PONDER v. THE STATE.
In this discretionary appeal, Elliott Ponder challenges the revocation of his probation, contending that the trial court erred in revoking his probation on a basis that was not alleged in the State's revocation petition and in ordering him to serve the revoked part of his sentence in the State Penal System. For the reasons set forth infra, we agree that the trial court erred, and thus, we reverse its order revoking Ponder's probation and remand the case for further proceedings.
The record shows that on July 8, 2015, Ponder pleaded guilty to the offense of directing terroristic threats towards a woman with whom he formerly had a relationship, and the trial court imposed a five-year sentence to be served on probation. In early March 2016, the State obtained a warrant for Ponder's arrest on a charge of misdemeanor stalking. Then, on March 24, 2016, the State filed a petition to revoke Ponder's probation on the ground that he had committed a new offense of misdemeanor stalking.
On May 26, 2016, the trial court conducted a hearing on the matter, during which Ponder indicated that he would stipulate to the facts supporting the offense of misdemeanor stalking but that, under these facts, the court was not authorized to order any part of his revoked sentence to be served in a State penitentiary. In response, the State informed the court that after it filed the revocation petition, it had also charged Ponder, via indictment, with aggravated stalking. Upon being so informed, the court noted that the revocation petition did not allege aggravated stalking. Nevertheless, the trial court issued an order revoking Ponder's probation on the ground that he committed a new felony offense and requiring him to serve two years in the State Penal System.
Subsequently, Ponder filed an application for discretionary appeal with this Court, arguing that the trial court erred in revoking his probation on grounds not alleged in the revocation petition. One week later, the State filed a motion in the trial court, requesting that the court correct its error of revoking Ponder's probation based on a new felony offense. Ponder filed a reply, arguing that his previously filed application acted as a supersedeas and, thus, deprived the trial court of jurisdiction.1 Thereafter, we granted Ponder's application for discretionary appeal.

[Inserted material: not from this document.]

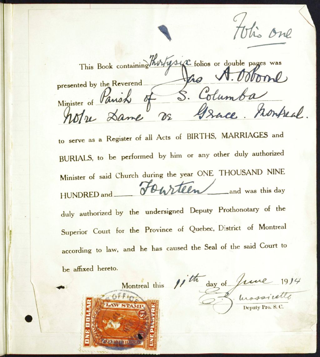 St. Columba's Anglican Church, 1914-1922, Archives nationales à Montréal, Fonds Cour supérieure. District judiciaire de Montréal. État civil, (06M,CE601,S345).

At the outset, we note that under OCGA § 42-8-34.1 (b), “[a] court may not revoke any part of any probated or suspended sentence unless the defendant admits the violation as alleged or unless the evidence produced at the revocation hearing establishes by a preponderance of the evidence the violation or violations alleged.” And generally, this Court will not interfere with a revocation “unless there has been a manifest abuse of discretion on the part of the trial court.”2 Nevertheless, we review questions of law de novo.3 With these guiding principles in mind, we turn now to Ponder's specific claims of error.
1. Ponder first contends that the trial court erred in revoking his probation on the ground that he committed the felony of aggravated stalking when the State's petition sought revocation solely on the ground that he committed the offense of misdemeanor stalking. We agree, and therefore, reverse the trial court's order revoking Ponder's probation.

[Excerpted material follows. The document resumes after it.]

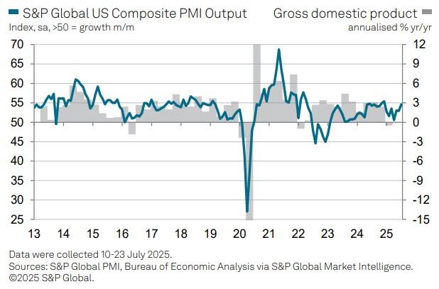 “The flash PMI data indicated that the US economy grew at a sharply increased rate at the start of the third quarter, consistent with the economy expanding at a 2.3% annualized rate. That represents a marked improvement on the 1.3% rate signalled by the survey for the second quarter.

This Court has previously held that “[d]ue process requires that a defendant be given written notice of the claimed violation of his probation prior to a probation revocation hearing.”4 Consequently, in order to revoke the probationary features of a sentence the defendant “must have notice and opportunity to be heard, the notice being sufficient to inform him not only of the time and place of the hearing and the fact that revocation is sought, but the grounds upon which it is based.”5 In addition, a defendant's probation may not be revoked when “there is no evidence that the defendant violated its terms in the manner charged in the notice, even though there be evidence at the hearing that the defendant violated the terms of probation in some other manner as to which there was no notice given.”6 Thus, if a judgment is “based upon an offense not charged in the petition for revocation, it must be reversed.”7
In this matter, as previously noted, the State's petition to revoke Ponder's probation sought to do so on the ground that he committed a new offense of misdemeanor stalking. But the trial court's order provided that it was revoking Ponder's probation on the ground that he committed a new felony offense—presumably the offense of aggravated stalking mentioned by the State during the revocation hearing. Given these particular circumstances, the trial court revoked Ponder's probation on a basis that was not alleged in the State's petition, and in doing so, it erred.8 Accordingly, we reverse the trial court's order.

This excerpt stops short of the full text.